[Goal of the exercise] Skip all pictures. Set down only the lines starting at the line containing "Zde lze upravovat" and running to the end of the listing.

== Provided data ==

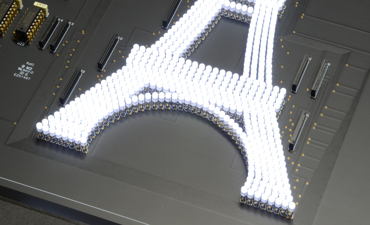 More than 20 different renderings of the Eiffel Tower, with sparkling, progressive and random illuminations, arbitrary sequenced every minute.
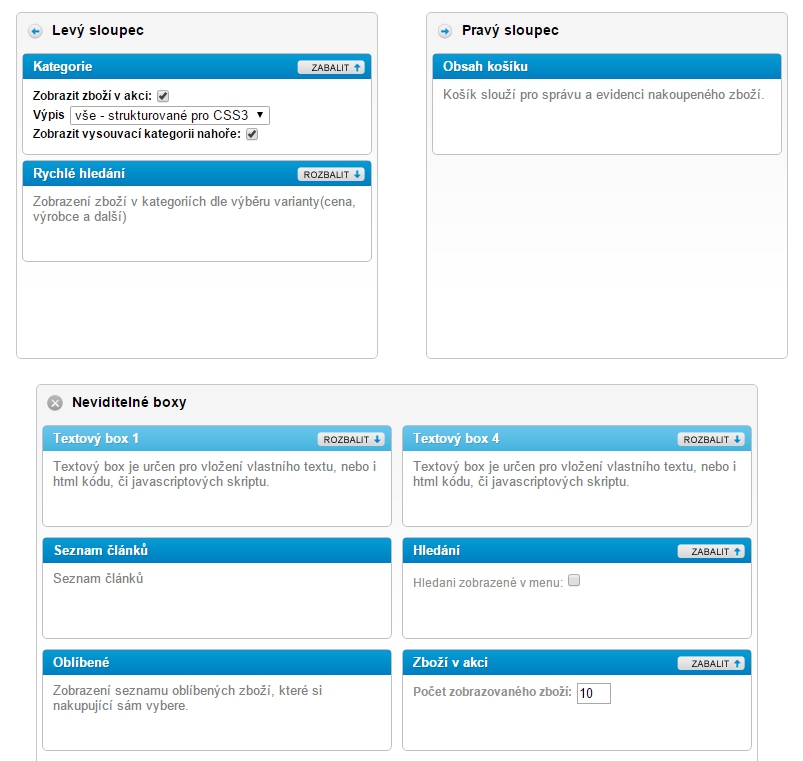 Zde lze upravovat a přesouvat jednotlivé položky sloupců.
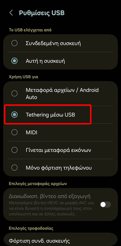 Έπειτα, συνδέουμε το κινητό με τον υπολογιστή μέσω καλωδίου USB και ενεργοποιούμε τη λειτουργία “USB tethering” από τις ρυθμίσεις της εφαρμογής στο κινητό.

===

[Solved problem]
 Zde lze upravovat a přesouvat jednotlivé položky sloupců.
 Έπειτα, συνδέουμε το κινητό με τον υπολογιστή μέσω καλωδίου USB και ενεργοποιούμε τη λειτουργία “USB tethering” από τις ρυθμίσεις της εφαρμογής στο κινητό.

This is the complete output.